This tutorial consists of the following sections:

## Introduction

This tutorial will demonstrate the use of HADDOCK for ab-initio predicting the structure of a DNA-small molecule complex. Namely, we will dock the Netropsin and the DNA d(CGCAATTGCG). The Netropsin is a small molecule, first isolated from the actinobacterium Streptomyces, that exerts an antiviral and antibiotic activity. The Netropsin non-colvalently binds to DNA and prevent DNA replication and transcription by inhibiting polymerase reaction. Elucidating the binding mode of Netropsin with its target DNA sequences has helped developing candidate antibiotics and antitumor with similar mode of action. The d(GGCCAATTGG) structure in the free form have been determined using X-ray crystallography (PDB ID 252D). For this tutorial, we will predict the Netropsin/d(GGCCAATTGG) binding mode with no a-priori information on the nucleic acids involved in the interaction.

For this tutorial we will make use of the HADDOCK2.4 webserver.

A description of the previous major version of our web server HADDOCK2.2 can be found in the following publications:

Throughout the tutorial, coloured text will be used to refer to questions or instructions, and/or PyMOL commands.

## Requirements and Setup

In order to run this tutorial you will need to have the following software installed: PyMOL. Additionally, you will also need to run commands in a Unix-like terminal. If you are running this on a Mac or Linux system then appropriate shells (all commands should work under bash) are already part of the system. Windows users might have to install additional software or activate the Windows Subsystem for Linux. We consider this to be an advanced tutorial made with a specific application of HADDOCK in mind. Thus, it assumes familiarity with HADDOCK as well as with the command line and scripting tools such as awk, sorted and grep.

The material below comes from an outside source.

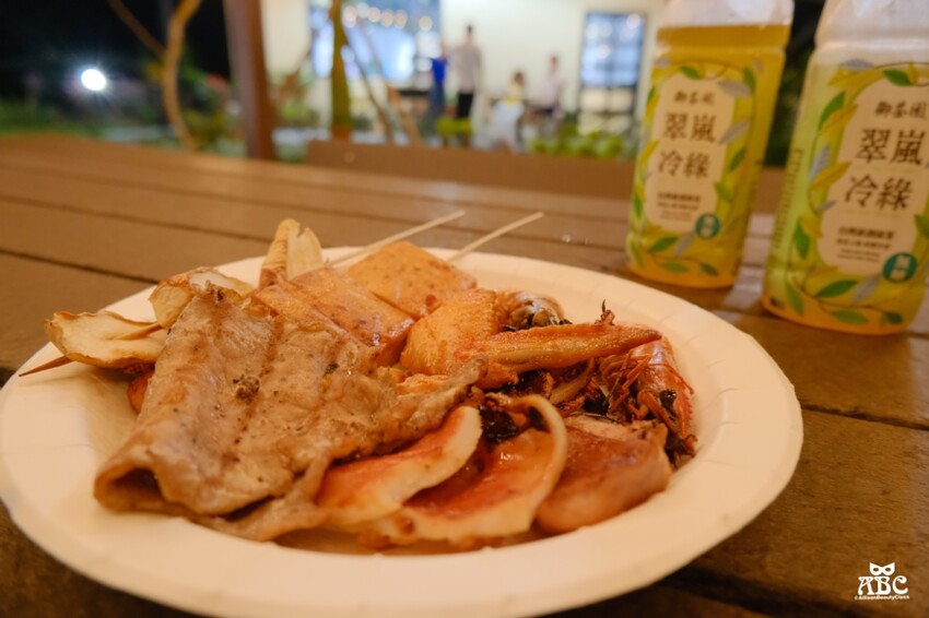 把烤好的餐點端到涼亭桌,搭配黃光很有氣氛吧,上山不用自己準備食材真是太方便了!

All files, scripts and data for running this tutorial can be downloaded as a gzipped tar archive from here. Extract the archive in the directory where you want to run the tutorial with the following command:

tar xfz DNA-small-molecule.tgz
cd DNA-small-molecule

This will create a DNA-small-molecule directory where you will find various scripts and data.

Prior to getting started we need to setup our environment. The simplest way to do that would be to make use of anaconda. If you are unfamiliar with anaconda/conda check the nice introduction by João Rodrigues. Assuming an existing installation of anaconda, the following command should take care of all required python packages.

conda env create --file scripts/requirements.yml

After activating the environment we also need to install the pdb-tools package which can be achieved with the following command:

pip install pdb-tools

Also, if not provided with special workshop credentials to use the HADDOCK portal, make sure to register in order to be able to submit jobs. Use for this the following registration page: https://wenmr.science.uu.nl/auth/register/haddock.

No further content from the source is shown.